Dataset records:
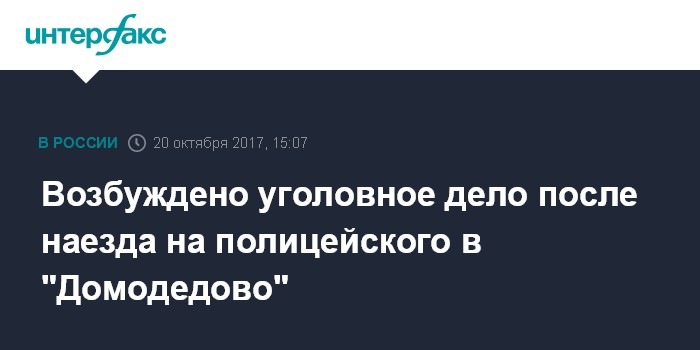 Москва. 20 октября. INTERFAX.RU - Следователи завели уголовное дело по факту наезда таксиста на полицейского в аэропорту "Домодедово" в Москве. Об этом сообщила "Интерфаксу" в пятницу представитель столичного управления на транспорте Следственного комитета Елена Марковская.
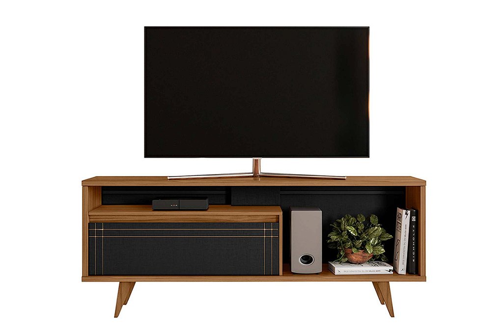 Com design moderno e pintura UV, este rack com porta basculante e pistão a gás acomoda TVs de até 60" e traz elegância e funcionalidade para sua sala.
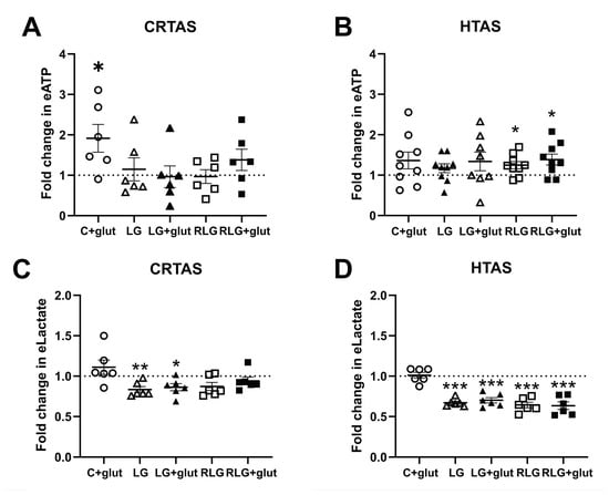 We next examined whether gliotransmitters were altered in CRTAS and HTAS following RLG. We examined extracellular ATP and lactate, both of which are gliotransmitters known to play a role in hypoglycaemia detection and defective CRR [6,8,33,34]. To test this, extracellular ATP (eATP) and lactate (eLactate) were measured in the conditioned media of CRTAS and HTAS cells exposed to control, C + glut, acute low glucose (LG), LG plus prior glutamate (LG + glut), RLG and RLG + glut treated cells. These cells were also exposed to glutamate for 30 min before the medium was collected. In CRTAS the concentration of eATP was significantly higher in C + glut treated cells than in the control, while the other groups were unchanged (Figure 8A). In the HTAS, however, both RLG and RLG + glut groups, when exposed to glutamate had elevated eATP concentrations compared to control (24.7% and 38.6% respectively; Figure 8B). Therefore, despite low energy availability after RLG and RLG + glut exposure, cells respond to glutamate stimulation by increasing ATP release. In acute low glucose conditions (LG and LG + glut) both CRTAS and HTAS (Figure 8C,D) had significantly decreased extracellular lactate. While CRTAS RLG and RLG + glut treated cells did not significantly decrease lactate levels compared to control, the HTAS RLG and RLG + glut treated cells did.
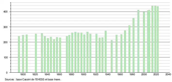 L'évolution du nombre d'habitants est connue à travers les recensements de la population effectués dans la commune depuis 1793. Pour les communes de moins de 10 000 habitants, une enquête de recensement portant sur toute la population est réalisée tous les cinq ans, les populations de référence des années intermédiaires étant quant à elles estimées par interpolation ou extrapolation[19]. Pour la commune, le premier recensement exhaustif entrant dans le cadre du nouveau dispositif a été réalisé en 2008[20].
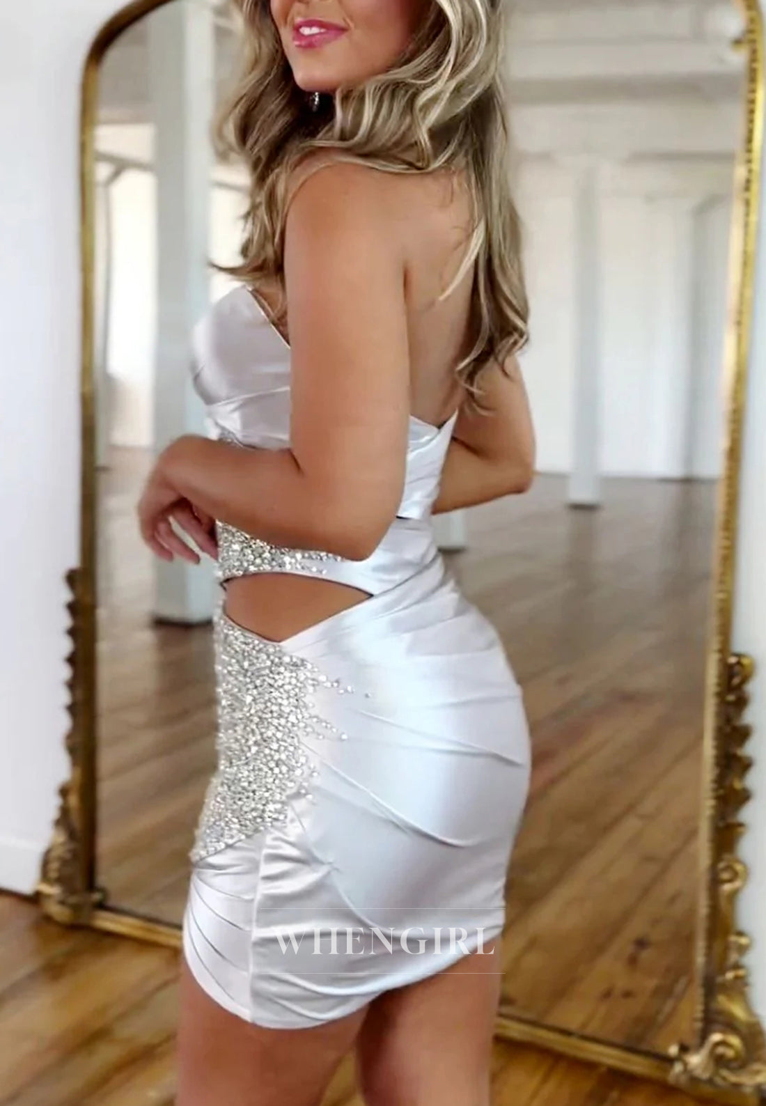 Silver Sweetheart Sleeveless Beaded Cut Out Strapless Short Homecoming Dress
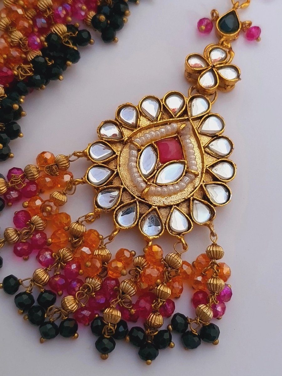 Introducing an exquisite choker set that radiates traditional elegance and vibrant charm. This set features a beautifully crafted choker with intricate Kundan-style stones, framed in a golden finish, and adorned with delicate pearl and colorful beadwork in shades of green, pink and orange. The symmetrical design is highlighted by teardrop and floral motifs, giving it a rich, regal appeal.

What is expected: For this exercise, copy each line of the data above exactly, from the first through the line containing "Com design moderno", and drop the pictures.

Your solution:
 Москва. 20 октября. INTERFAX.RU - Следователи завели уголовное дело по факту наезда таксиста на полицейского в аэропорту "Домодедово" в Москве. Об этом сообщила "Интерфаксу" в пятницу представитель столичного управления на транспорте Следственного комитета Елена Марковская.
 Com design moderno e pintura UV, este rack com porta basculante e pistão a gás acomoda TVs de até 60" e traz elegância e funcionalidade para sua sala.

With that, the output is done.